Inner-layer Token Self-Modulation as Another Scaling Axis for LLMs
Abstract
LLMs have traditionally scaled along dense dimensions, where performance is coupled with near-linear increases in computational cost. While MoE decouples capacity from compute, it introduces large memory overhead and hardware efficiency challenges. To overcome these, we propose token-indexed parameters as a novel, orthogonal scaling axis that decouple model capacity from FLOPs.
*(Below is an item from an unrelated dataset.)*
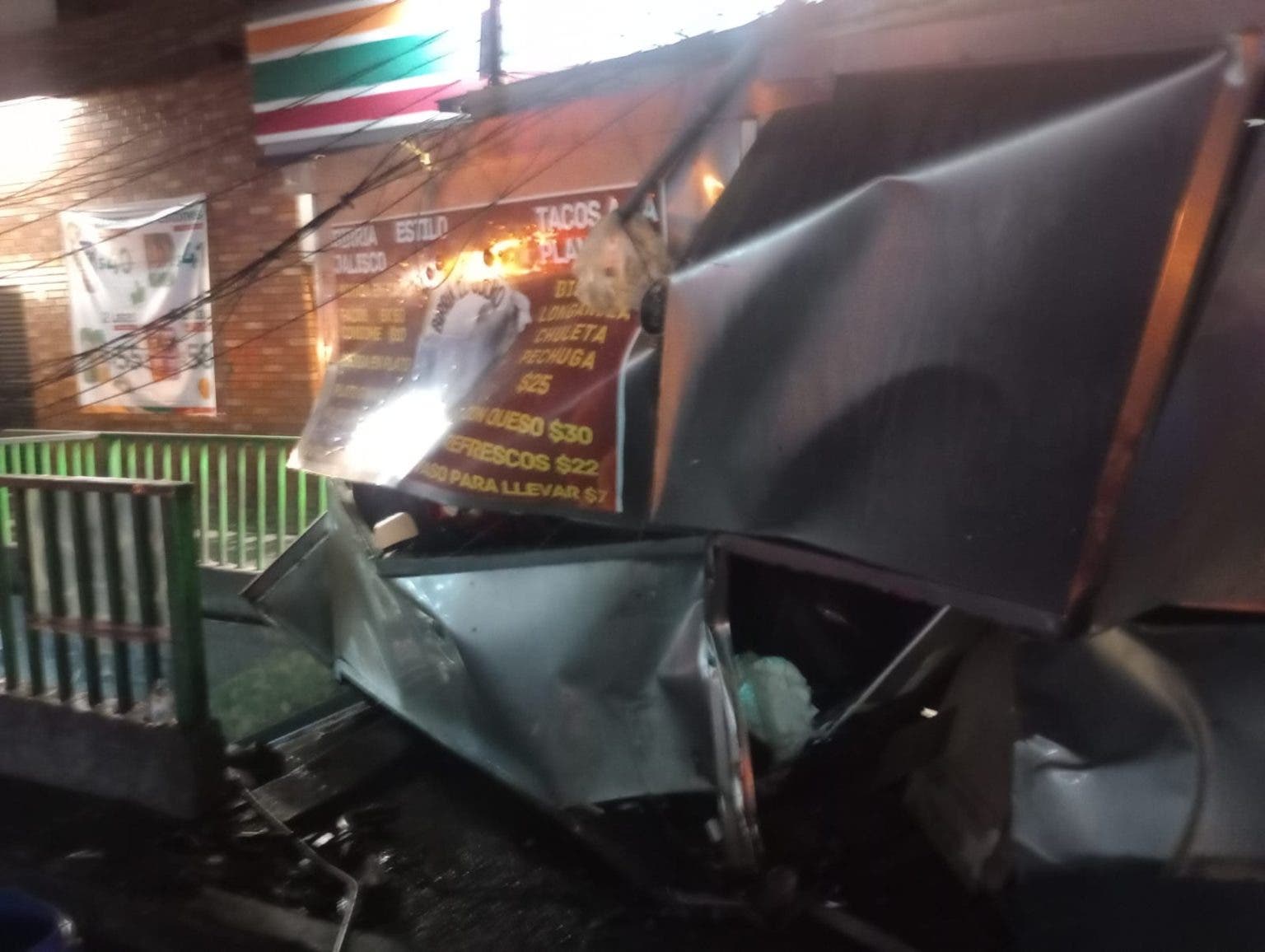 Además, se observan los daños en el vehículo, así como una joven herida, los puestos de comida en estado inservible, así como la detención de un sujeto.

Specifically, we introduce ReToken and MoRT, which augment Transformer layers with modulation vectors retrieved from auxiliary embedding tables. These vectors modulate the backbone via lightweight, element-wise operations, incurring negligible FLOPs overhead. Extensive experiments on both dense and MoE backbones, spanning from 190M to 9.8B parameters, demonstrate that our approach consistently reduces validation loss and significantly improves downstream task performance (e.g., +7.3 on ARC-C, +6.3 on GSM8K). Rigorous isoFLOPs analysis further confirms that MoRT fundamentally shifts the quality–compute Pareto frontier, achieving comparable model quality with 35\% less compute relative to vanilla MoE architectures, and we validate that token-indexed parameters exhibit a predictable power-law scaling behavior. Moreover, our efficient implementation ensures that the overhead introduced by ReToken and MoRT remains marginal.